The True Reason To Buy Designer Shoes

Happy Friday everyone.

I wanted to remind you about the NaraCamicie giveaway. I'll be drawing the name of the winner end of day on Monday. The prize is a $175 gift certificate against any purchase from the store. Doesn't just have to be my particular favorites:). So if you're interested, comment here.

I also wanted to show you these.



Very, very special designer heel taps. They came with the new shoes. Kind of makes it all worthwhile, don't you think?

Have a wonderful weekend.

Wednesday, April 14, 2010

Do We Buy Christian Louboutin For Design Or For The Brand?

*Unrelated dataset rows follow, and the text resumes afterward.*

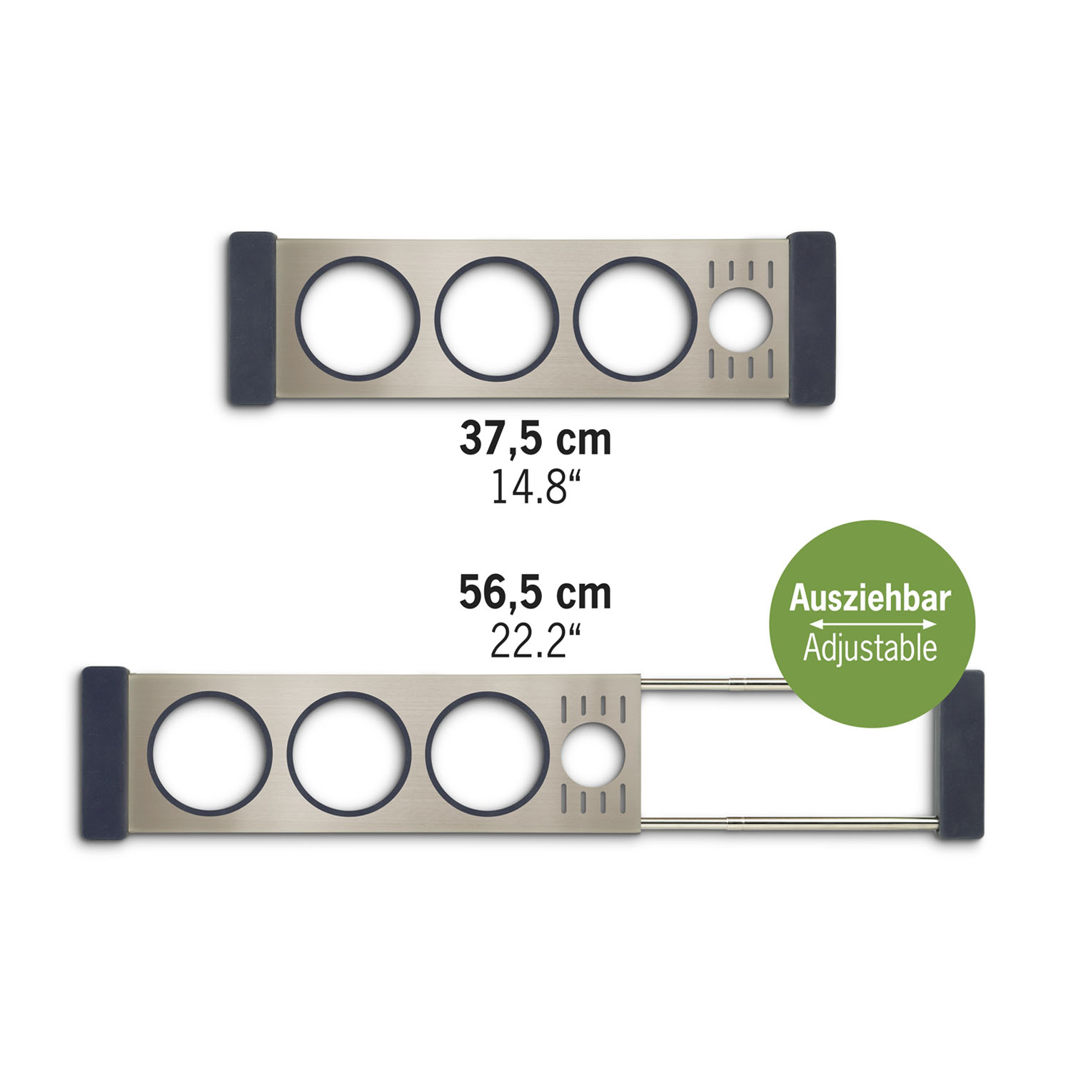 Drip.it+ ist ausziehbar von 37,5 bis 56,5 cm und passt somit perfekt auf jede Spüle. Damit kann er auch ideal als flexible Siebhalterung zum Abtropfen von gewaschenen oder gekochten Lebensmitteln über der Spüle genutzt werden.
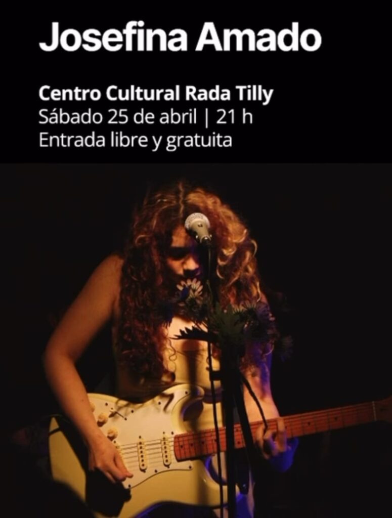– En el Centro Cultural Rada Tilly, desde las 21:00, se presenta Josefina Amado con su propuesta fresca y potente que invita a dejarse llevar por la música en un entorno cercano. La entrada es libre y gratuita.
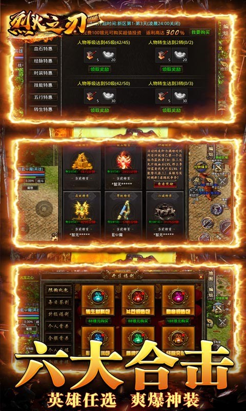 3、全新三职业合击,装备全靠爆,超多福利地图,全新版本等你体验!
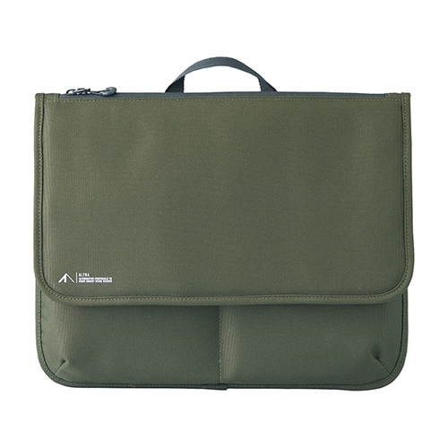 デジタルガジェットやノートなどの収納、持ち運びに便利なハンドル付き。フラップから、ファスナーから2通りの方法で中身にアクセスできます!約14インチの薄型ノートPCが入ります。テレワークにオススメ!
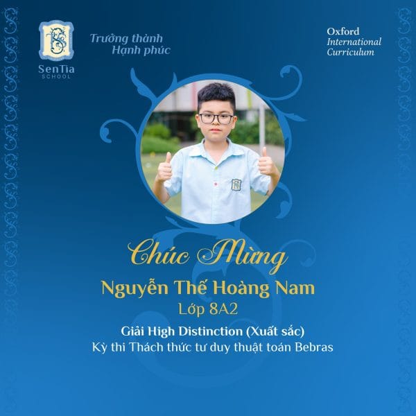 Nguyen The Hoang Nam (8A2) won the High Distinction award with a top 2 score in the whole grade.

 I'm going to New York at the end of next week. To visit my kids, stay in a new hotel, wander through the city looking. (All those dressed up people walking on rough sidewalks past windows.) During said trip, it's possible that I will need to wear my little black dress. It's possible that ever since I acquired said little black dress that I have been wistfully remembering matching Louboutin pumps the fab Barney's salesguy showed me. And it's possible that I am fortunate enough to occasionally receive generous presents. Let's move to the realm of the certain. This is one of my new shoes. I do have two. I promise. We might ask, why these? Why did they pester me, for months? Design? Brand? What? The design is absolutely impeccable and reasonably comfortable. I bought a half size up and had them put a pad in. We Sturdy Gals, even when we Grande Dame it up, aren't a fan of foot pain. Although in my dreams I was wearing what Mr. Louboutin, or his minions, call the Jazz Decollete 100 pump, with a heel height of 3 3/4", in fact I don't do heels higher than 3". Luckily, Mr. Louboutin, or his minions, have deigned to offer similar shoes in the Simple 70. With an internal platform that brings the experienced heel height down to about 2 3/4". That internal platform also transforms a plain black pump into a terrible object of desire. Where to start? It was the lines that did me in. The underside curve from heel to sole juxtaposed against the toe. What they call the "almond" toe. Almond as in fingernails - not pointed, not squared, not round. That same internal platform also creates a snub nose, adding a touch of what in a woman we would call "jolie laide." The ugly pretty of a sleek brute. Reminds me of a Chrysler 300, another shape that bedeviled me for months and months and months.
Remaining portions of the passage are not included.